■ RAW DATA
_____

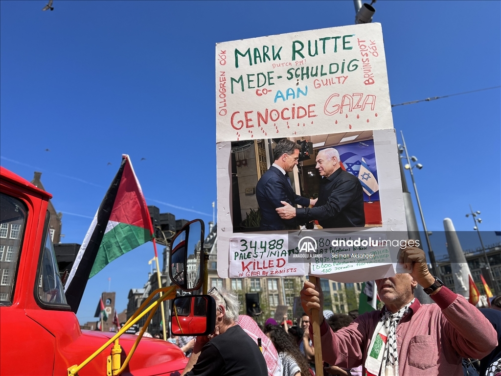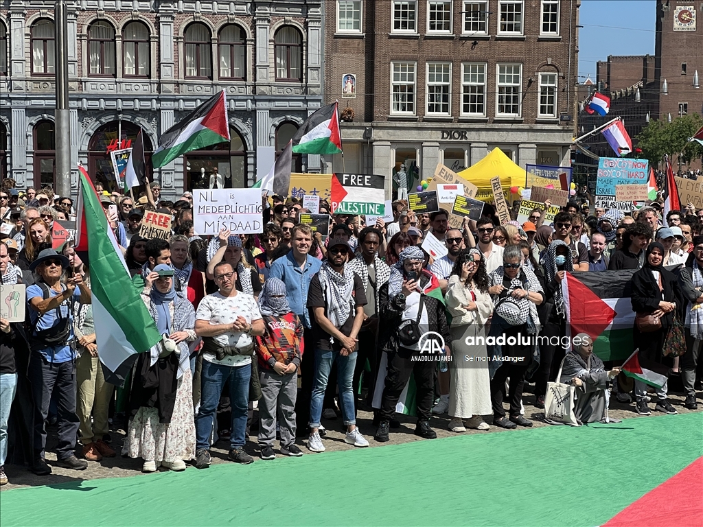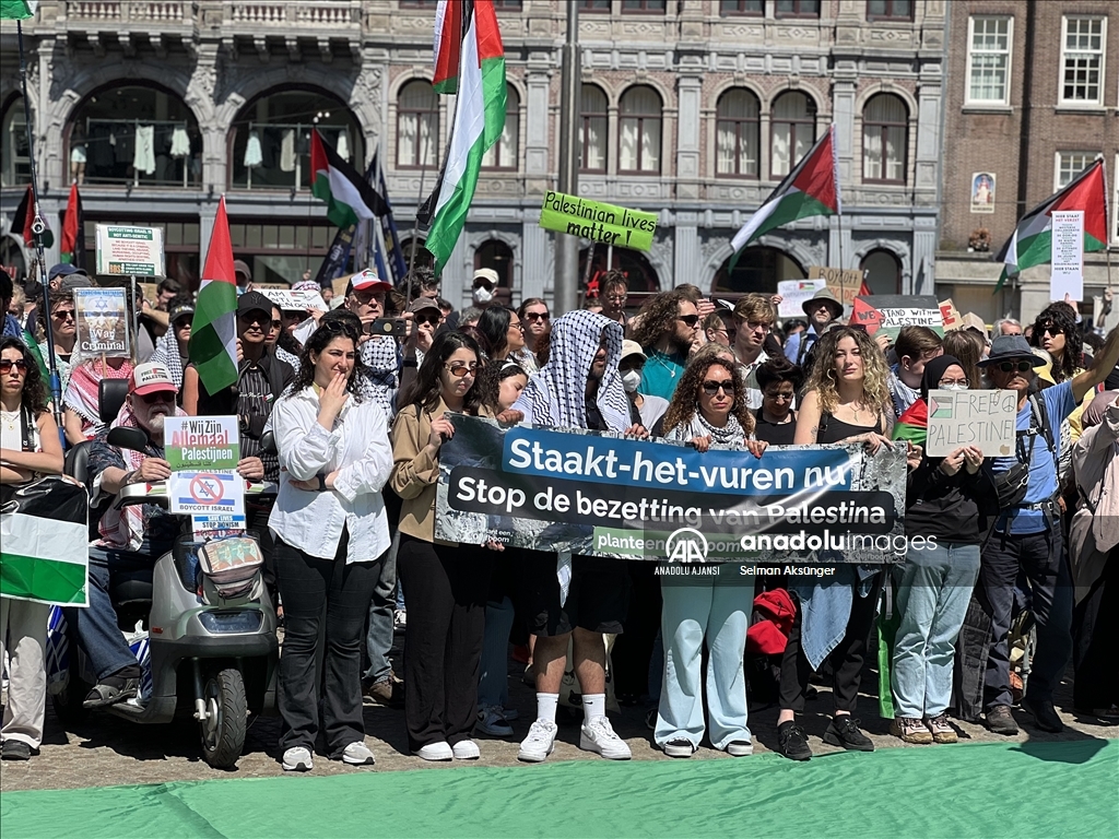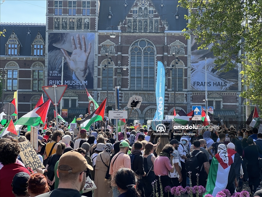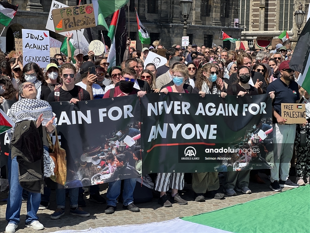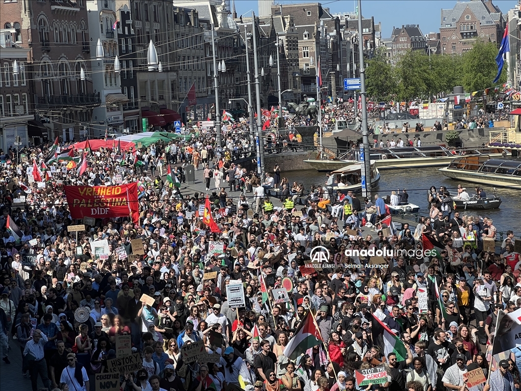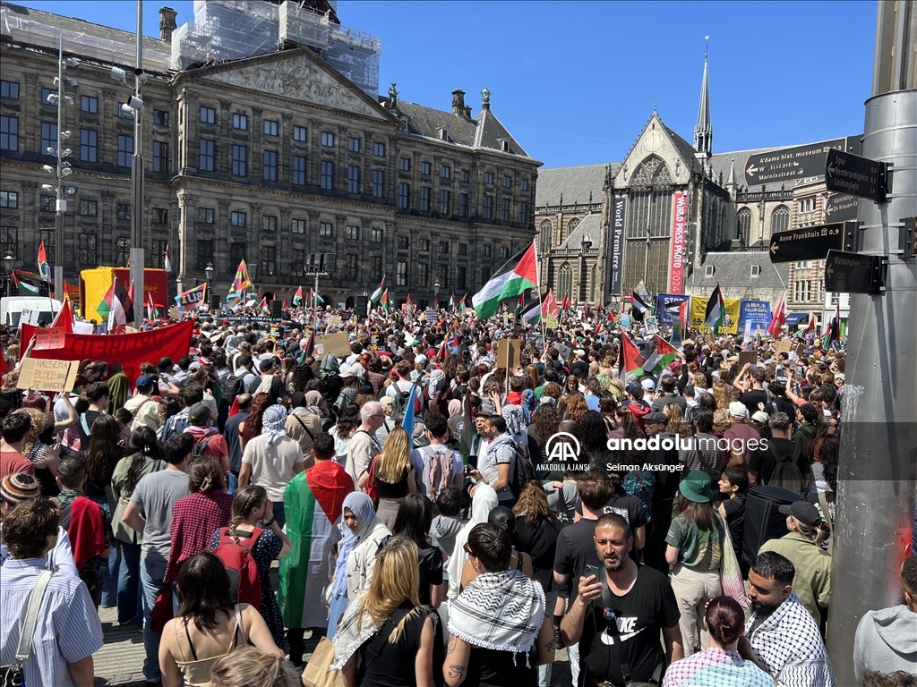 Hollanda'nın başkenti Amsterdam'da yaklaşık 15 bin kişi, Nekbe (Büyük Felaket) ve İsrail'in Gazze'deki saldırılarını protesto etti.
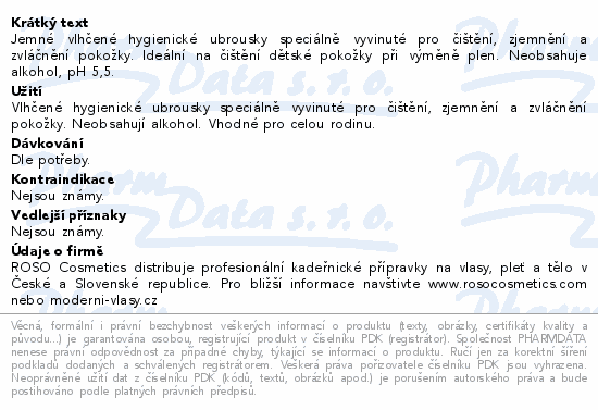 Jemné vlhčené hygienické ubrousky speciálně vyvinuté pro čištění, zjemnění a zvláčnění pokožky. Ideální na čištění dětské pokožky při výměně plen. Neobsahuje alkohol, pH 5,5.
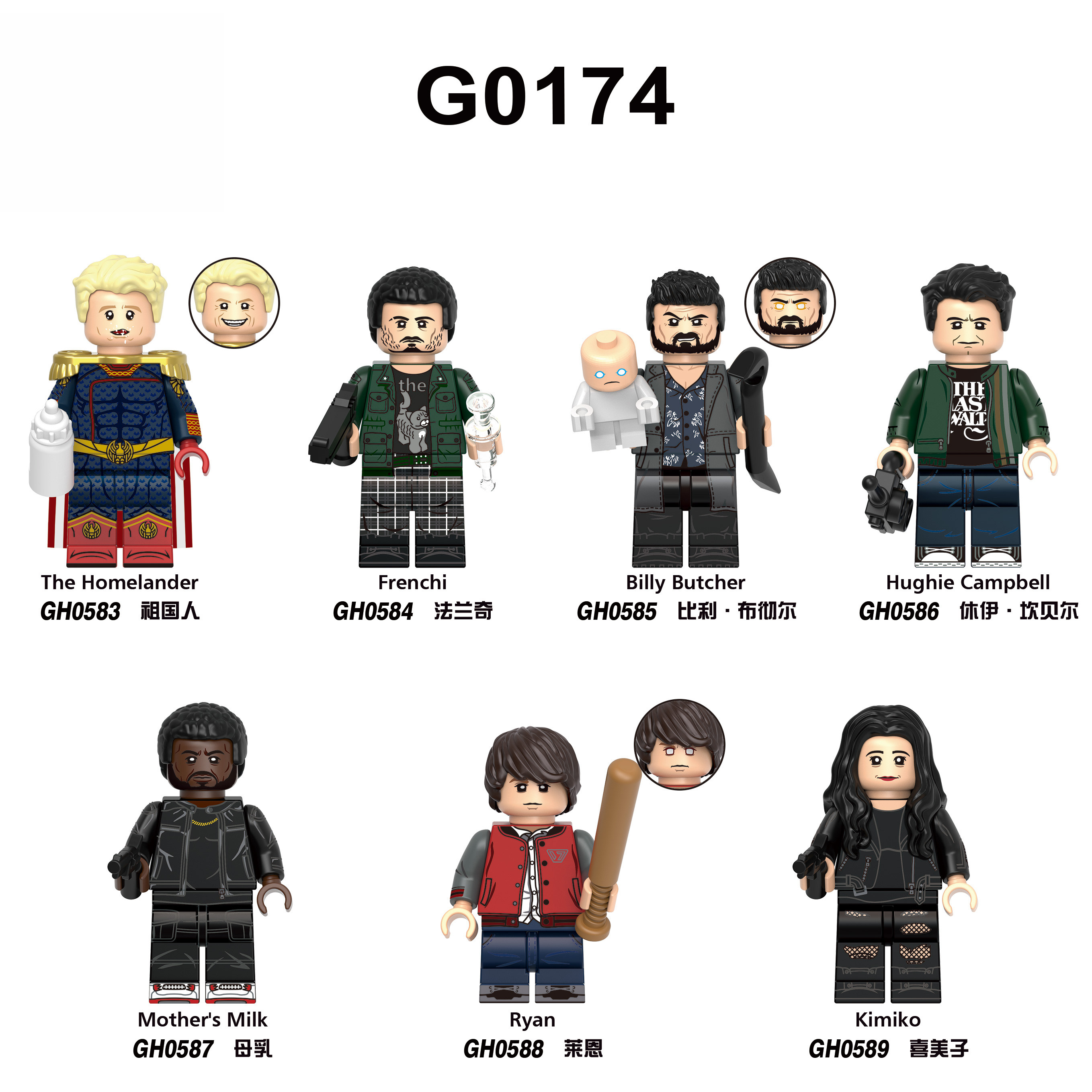 📚 黑袍纠察队祖国人屠夫比利莱恩法兰奇拼装积木人仔儿童玩具G0174

_____

■ PROBLEM REQUIREMENTS
Copy the listing exactly. Any image in it stays out of the copy.

■ RESPONSE BOX
 Hollanda'nın başkenti Amsterdam'da yaklaşık 15 bin kişi, Nekbe (Büyük Felaket) ve İsrail'in Gazze'deki saldırılarını protesto etti.
 Jemné vlhčené hygienické ubrousky speciálně vyvinuté pro čištění, zjemnění a zvláčnění pokožky. Ideální na čištění dětské pokožky při výměně plen. Neobsahuje alkohol, pH 5,5.
 📚 黑袍纠察队祖国人屠夫比利莱恩法兰奇拼装积木人仔儿童玩具G0174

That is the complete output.